Last post I described a way of looking at a transformation as a vector function that changes from one coordinate system, or frame of reference, to another, along with a logical notation for manipulating them:

Transform Calculus Operations

Transform Calculus Operations
Transformation T A->B (V) Evaluating T transforms V from frame A to frame B
  • Frame A is the “input frame”
  • Frame B is the “output frame”
Inversion T A->B -1 ⇒ T B->A T -1 reverses the input and output frames, so A->B becomes B->A.
Composition (⊕) T A->B ⊕ T B->C ⇒ T A->C composition forms a “chain”, going from frame A to frame B to frame C.

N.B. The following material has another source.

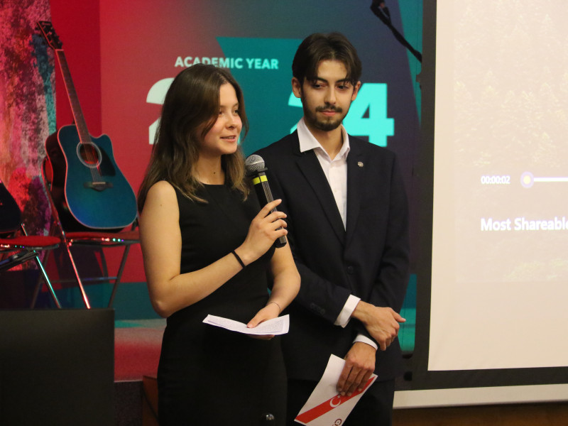 The grand finale took place in the Auditorium Copernicus, where an interactive presentation showcased each country's unique attractions. The evening was further enlivened by a musical performance featuring our students Mehmet Burak BULAT, Meriç DEMIRCIOĞLU, and Emin ÜNVER. To top it off, a Kahoot! game was organized, with three lucky winners receiving delightful local products.

In this post, we’ll discuss how those operations are implemented using several representations available in UE4. Additionally, we’ll discover how using a uniform notation like this can convey intent more clearly, particularly when multiple representations are involved.

Implementing Transform Calculus With UE4 Types

To implement the transform calculus using types found in UE4, we must first understand the types available and how they can be interpreted in terms of vector space transformations. These types are found in the Math subdirectory of the Runtime/Core module. We’ll start by describing how these types can be interpreted, followed by how the transform calculus can be implemented for each of these interpretations.

UE4 Vector Types

UE4 Type Possible Interpretations
  • 2D point (implicit homogeneous 1)
  • 2D vector (implicit homogeneous 0)
  • 3D point (implicit homogeneous 1)
  • 3D vector (implicit homogeneous 0)
  • 2D homogeneous point/vector
  • 3D homogeneous point/vector

For the most part, the differences in dimensionality of an FVector are immaterial and we’ll generally ignore it [1] . However, when an FVector represents a non-homogeneous vector, its interpretation as a point or vector is purely contextual and thus must be conveyed explicitly. For instance, FVector(0,0,1) could be a vector representing Z-axis, or point at <0,0,1>. It’s up to the code to specify.

UE4 Transform Types

UE4 Type Possible Interpretations
  • 3D Translation
  • 3D Non-uniform scale
  • 2D Translation
  • 2D Non-uniform scale
  • 3D affine transform
  • 3D rotation
  • 3D rotation
float [2]
  • 2D or 3D uniform scale

UE4 Type Ambiguities

As can be seen in the previous tables, UE4 types can be interpreted in several ways with respect to transform calculus, and those interpretations are purely contextual, meaning there is no static typing to distinguish them. The following are the primary interpretation ambiguities in UE4 types:

  • row vectors vs column vectors
  • points vs vectors
  • homogeneous vs non-homogeneous vectors
  • FVectors as mathematical vectors vs transformations (translation or scale)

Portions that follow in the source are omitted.